0

I've got a list of datasets, and I want to make a few changes to these datasets using R.

First, if variable "mac_sector" exists, I want to rename it to "sector".*Edit: It always says mac_sector not found, even if it is in at least one of the datasets. Also, if something is not found by if(exists()) does it then just continue on with the rest of the script, or does it terminate the script?

Second, if there is no variable called "mac_sector" or "sector", I want to create a new column variable called "sector" with putting "total" as the values.

Lastly, I rearrange the columns because I want variable "sector" to be the 3rd column in each dataset.

I wrote the script (some parts are not even in R language) below, but obviously it's not working, so I'm hoping that some of you may be able to help me with this.

I also want to save these changes to the respective datasets, but I've no idea how to even go about that in this particular case?? (I know of the save() command but I feel like it wouldn't work here)

setwd("C:\\Users\\files")
mylist = list.files(pattern="*.dta")


    #Loop through all of the datasets in C:\\Users\\files
    #Reading the datasets into R

     df <- lapply(mylist, read.dta13)

    #Naming the list of elemenents to match the files for convenience 
    names(df) <- gsub("\\.dta$", "", mylist)

      # If column mac_sector exists, rename to sector
      if(exists(mac_sector, df)){
      df <- rename(df, c(mac_sector="sector"))
      }

      # If column variable with pattern("sector") does not exist, create variable sector=total
      if(does not exist(pattern="sector")){
        sector <- c("total")
        df$sector <- sector
      }

      # rearrange variable, sector must be placed 3rd
      df <- arrange.vars(df, c("sector" = 3))

edit: I want all datasets to look like this (and some already do look like this):

Country|sector| Variable1| Variable2| Variable3|....
  GER  |  M   |   value  |   value  |   value  |....
  BELG |  K   |   value  |   value  |   value  |....
        and so on.

Now some of them look like this:

Country|mac_sector| Variable1| Variable2| Variable3|....
   GER |      F   |   value  |   value  |   value  |....
  BELG |      L   |   value  |   value  |   value  |....

In which case I want to rename mac_sector to sector.

They can also look like this:

            Country| Variable1| Variable2| Variable3|....
              GER  |   value  |   value  |   value  |....
              BELG |   value  |   value  |   value  |....

In which case I want to add a variable sector = total:

    Country|sector| Variable1| Variable2| Variable3|....
      GER  | total|   value  |   value  |   value  |....
      BELG | total|   value  |   value  |   value  |....

*Variable1, Variable2, Variable3 and so on, do not represent the same thing across datasets, just thought I should mention that.

DuEllier
  • 15
  • 4
  • Can you include some data snippet and your desired output using e.g. `dput(your_data)`. This makes it much easier to help you. – Roman Jul 08 '16 at 12:03
  • See gregor's answer to [this post](http://stackoverflow.com/questions/17499013/how-do-i-make-a-list-of-data-frames) for storing your data.frames into a list.
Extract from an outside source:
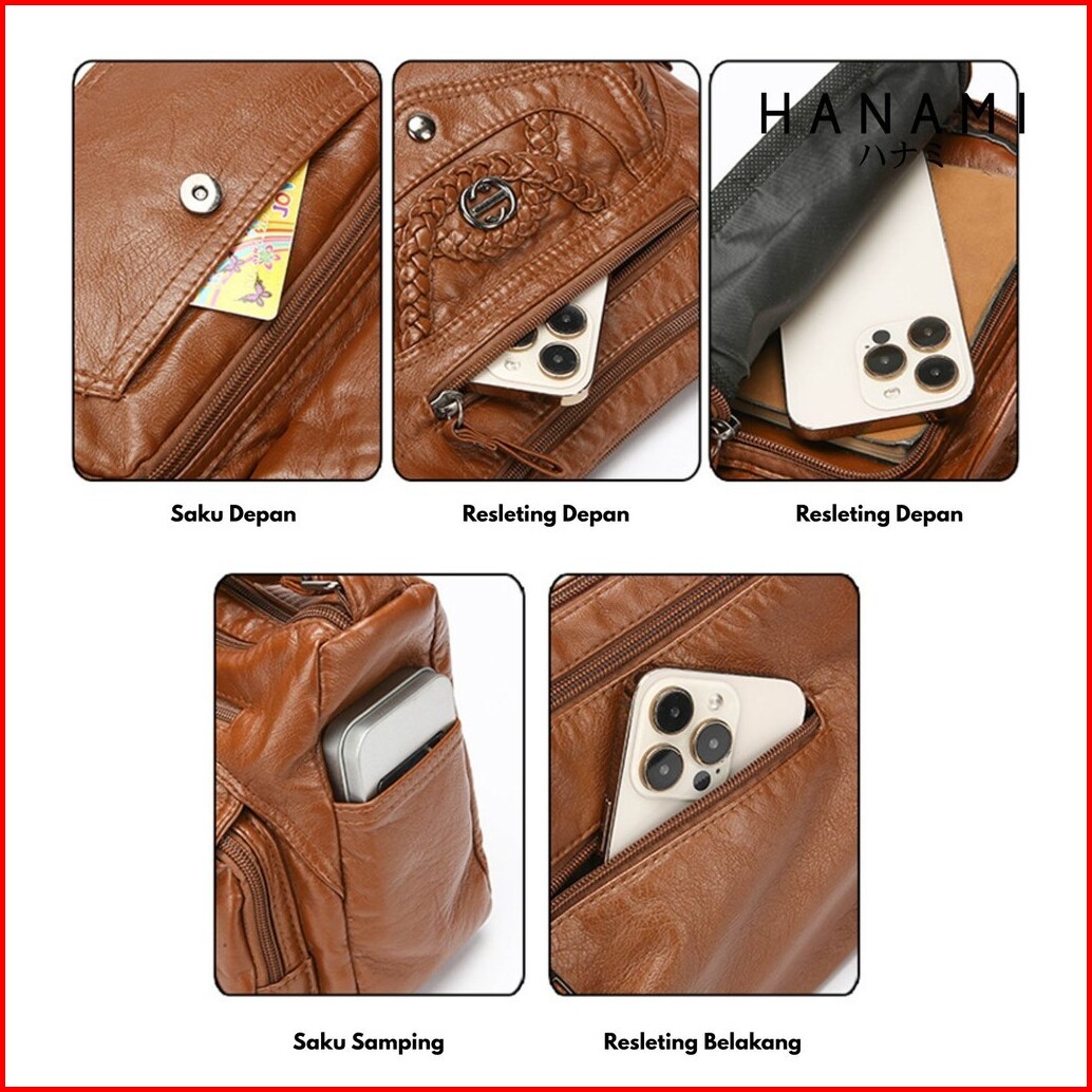 Hanami Tas Selempang Wanita Ranika Cokelat Kulit Premium Sling Bag Cantik Elegan Terbaru Ta1101b7
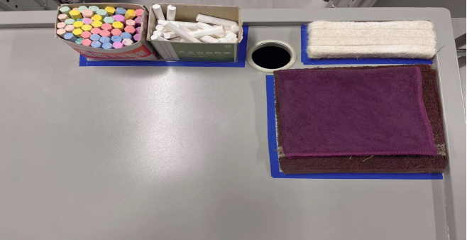 3.抹布叠整齐放在黑板擦下方。

This is the preferred method for working with similar data in R. – lmo Jul 08 '16 at 12:03
  • @Jimbou The datasets are really big, so dput didn't really work that well. But I made an edit describing what they look like and what I want to happen to them! Hope this makes it clearer if not please say so! – DuEllier Jul 08 '16 at 13:04
  • Try using `head()` first and then dput that.. you'll get your sample data. – ArunK Jul 08 '16 at 13:14
  • There are still hundreds of observations, anyway it comes down to what I described in the edit in my post. – DuEllier Jul 08 '16 at 15:00

0 Answers0